Nama calon tersebut adalah Marpuji,
kalau puji saya bisa mengerti
artinya, tapi kalau mar- saya nggak
tahu. Tapi, menurut saya orang tua tidak akan memberikan nama yang artinya
buruk, katanya nama adalah do’a, jadi pasti artinya yang baik-baik. Namanya
Marpuji tapi kelakuannya sungguh teramat sangat sangat tidak terpuji sekali.
Dulu ketika “utusan” KPU datang
kesekolah untuk mengadakan sosialisasi pemilu, kepala SMK Muhammadiyah 1 Blora
pernah berkata:
“Sekolah itu
tempat menuntut ilmu bukan untuk kampanye, jadi tidak pantas kalau kampanye di
sekolah, dan SMK Muahammadiyah 1 Blora tidak memihak pada salah satu partai,
jadi bila ada salah satu partai yang melakukan kampanye silahkan laporkan pada
saya (kepala sekolah) dan akan kami tidak lanjuti.”

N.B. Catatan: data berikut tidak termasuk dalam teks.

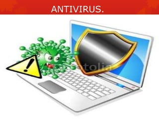 Los antivirus son programas cuyo objetivo es detectar y eliminar virus informáticos y otros tipos de malware. Nacieron en la década de 1980 y han evolucionado para bloquear, desinfectar archivos e impedir infecciones, reconociendo virus, spyware, gusanos, troyanos, rootkits u otros. Los antivirus usan métodos como detección, desinfección, comparación de firmas o heurísticos para identificar software malicioso.

Begitulah kira kira yang ia ucapkan
di depan murid murid kelas tiga di mesjid, di rumah Tuhan, disaksikan para
setan, jin, dan iblis dicatat oleh para malaikat. Tapi kini, apakah semua itu
tinggallah obiter dictum semata, yang
telah di lupakannya begitu saja hingga secara tidak sadar ia telah “menjilat”
ludahnya sendiri. Itu berarti ia tidak lebih dari penjilat donk?
Saya sungguh teramat sangat sangat
kecewa sekali dengan apa yang telah terjadi di sekolah. Ketika di sekolah yang
telah hampir tiga tahun aku menuntut ilmu di sana, mulai kurasakan ada wind of change, ada sesuatu yang baru
ketika berada di bawah kepemimpinan anda, tapi semua itu tercoreng di mata saya,
semua itu tidak ada artinya. Mungkin sekolah yang anda pimpin telah menjadi
sekolah dengan siswa terbanyak di kabupaten Blora melebihi SMKN 1 Blora, tapi
camkan kata kata Napoleon Bonaparte ini: “Kejayaan
dan kehancuran jaraknya hanya sejengkal”, jadi mungkin apa yang telah
dibangun selama belasan tahun usia SMK Muhammadiyah 1 Blora, tetapi hanya
membutuhkan waktu 5 menit untuk menghancurkannya, ingat berapa jarak yang telah
ditempuh untuk mencapai semua ini?
Memang tidak semua memperoleh amplop
tersebut, tapi biar bagaimanapun keadaannya, amplop itu tetaplah ada sebagai
“kampanye terselubung” yang bisa menjadi barang bukti. Bapak kepala sekolah
hendaknya lebih mengawasi anak buahnya, memang kita tidak bias mengawasi 100%,
di sinilah pendidikan SDM memegang peranan penting, jangan hanya sarana dan
prasarana saja yang di tumbuh kembangkan. Saya harap bapak dapat menghukum
oknum tersebut tanpa terkecuali. Sudah semestinya pemimpin yang baik tidak
memiliki alasan atas kesalahan apa yang telah dibuatnya. Camkan itu.